The only other alternative was the Love Devotion Surrender and Welcome bootleg Love Devotion Surrender Sessions [Jam / A Love Supreme / Naima / The Life Divine (2 takes) / Mantra / Flame Sky / Untitled 1 / Untitled 2 / Acoustic Jams / Samba De Sausalito (4 takes)], and this brings us to the bonus tracks on this remaster.
A Love Supreme (Alternate - Take 2) is a working version of Coltrane's Acknowledgement in development and nowhere near the sheer uplifting intensity of the eventual cut. There is no
12-string nor vocals and Larry Young is less emphatic. The other bonus track, Naima (Alternate - Take 4) mainly shows Santana's working with the melody.
Compared to the bootleg releases this feels like short change.
Especially considering the excellent job the bootleggers did on their revised artwork and packaging. The remaster lacks any real investment in packaging, and doesn't even bother an
attempt to reproduce the original. Like no picture of Chinmoy, not even that famous group photo in his backyard in Queens.
Instead, the promised "expanded booklets and new liner notes" are parsimonious, seemingly written to bind the remastered series, rather than treat each album explicitly. They are also erroneous, e.g., A Love Divine!

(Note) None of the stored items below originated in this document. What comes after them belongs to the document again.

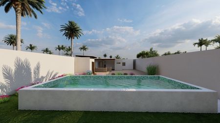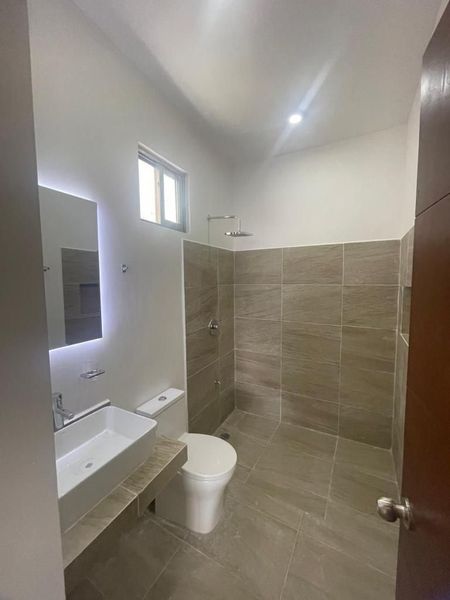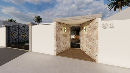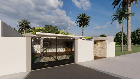 - Fachada distintiva con acabados en piedra tipo crema maya
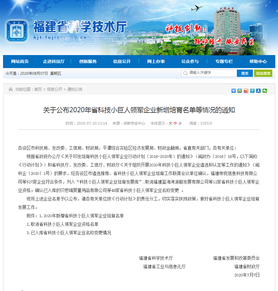 &n↕±₽☆bsp; 近(jì✔✘n)日(rì),福建省科(kē)技(jì)廳、發改委、工(gōng∞↕ו)信廳、财政廳聯合發布《關于公布2020年(nián)省科(kē)技(jì)小₩→(xiǎo)巨人(rén)領軍企業(yè)新增培育名單等情況的(de)通(tō↑✔ng)知(zhī)》,經各設區(qū)市(shì)遴選推薦、省科(kē♠↓)技(jì)小(xiǎo)巨人(rén)領≠<軍企業(yè)培育工(gōng)作(zuò)聯席會(huì)Ω∏♠ 議(yì)審核确認,廈門微信矩陣信息科技有限公司被列入“科(kē)技(jì)小(xiǎo)巨人(rén)領軍企業(yè)培™>育發展庫”。同時(shí),還(hái)入選“廈門(mén)市(shì)2020年(nián≠✘β→)科(kē)技(jì)小(xiǎo)巨人(rén)企業(yè)”。
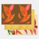 Farbenfrohe moderne Aquarellkunst, künstlerische und farbenfrohe Herbstblätter und Herbstfarben aus Orange, Braun und Gold. Schöne originale Kunstblattdesigns.
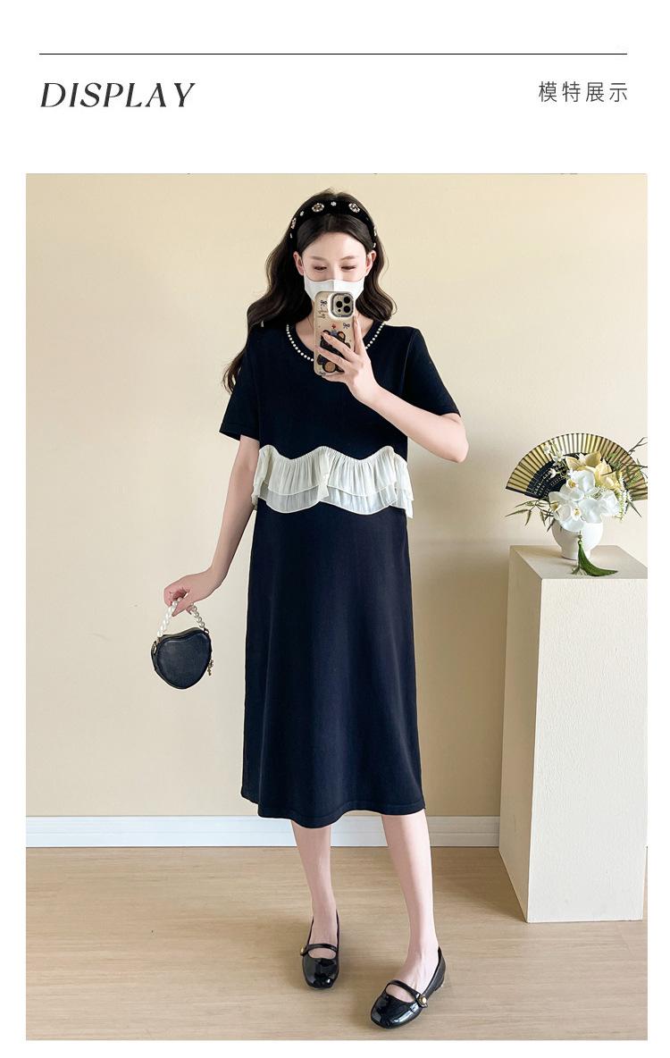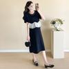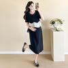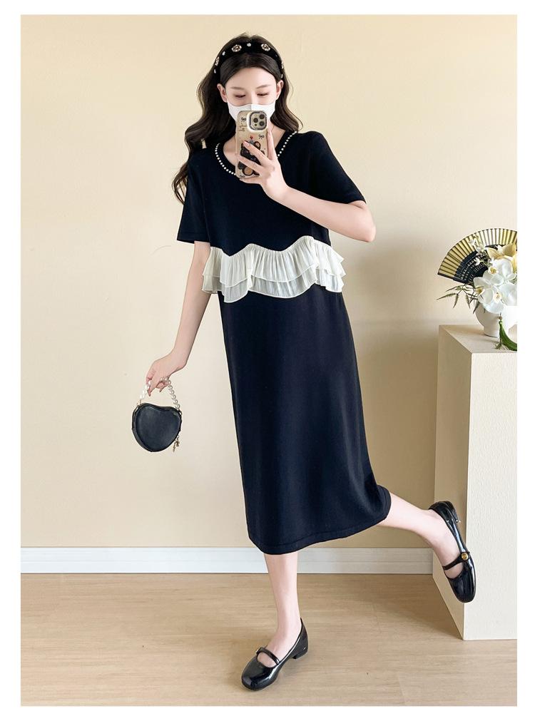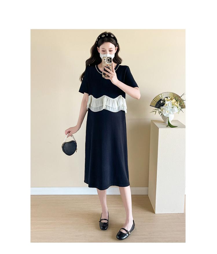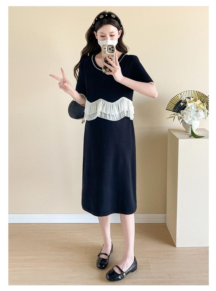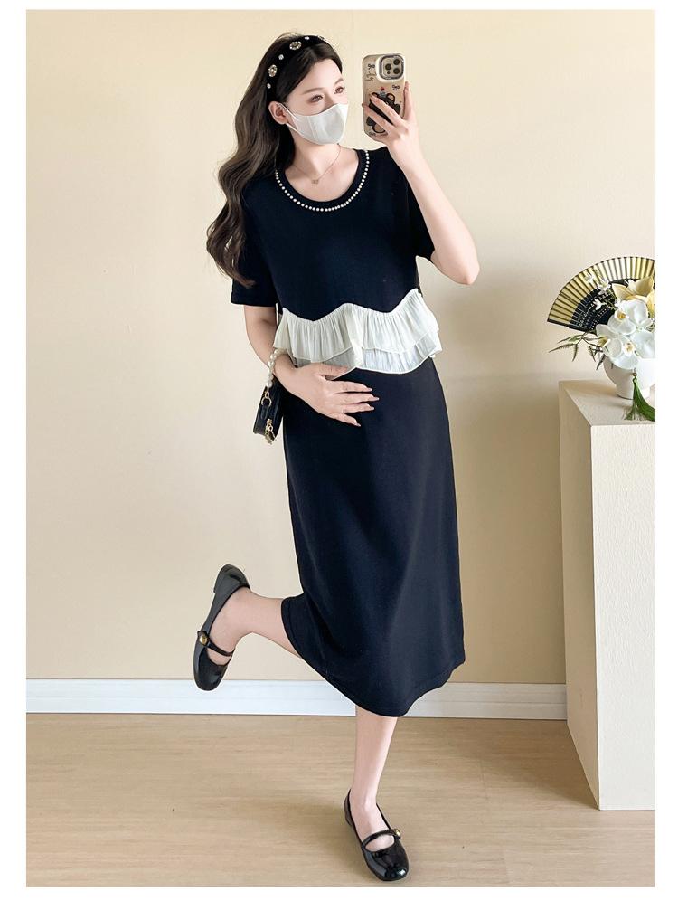 Ropa de Maternidad 2025 Nuevo Verano Estilo Coreano Moda y Dulce Empalmado Elegante Suelto Largo Medio Vestido de Maternidad

The inclusion of promised "vintage photos" is sadly reduced to a single one of Carlos Santana and none of McLaughlin. And this further fuels the grievance of McLaughlin fans that this album
has been repeatedly ambushed in the name of the Santana commercial waggon.
The liner notes mislead by categorising the album as a Santana solo release, and a whole page of the slim booklet
is taken up with a list of "Santana on Columbia". The remixed Divine Light: Music From Illuminations & Love Devotion Surrender (see Review) did no favours being released as an
album by "Carlos Santana / Bill Laswell",
and now this remaster again underplays McLaughlin's input, and arguably, his dominating presence. At the time Santana admitted that he was in awe of
McLaughlin's superior playing. McLaughlin introduced Santana into the church of Chinmoy, and arguably into this type of playing. It seems far more a natural progression for Mahavishnu fusion maestro McLaughlin than the comparably lyrical Santana.
In the end it's the music, right? And undeniably, this is a great sound for a great album, and a must have, even if the packaging sucks. But, the "Powers That Be" do have another chance to get that right too - it is rumoured that the entire Santana catalog is up next for SADC treatment.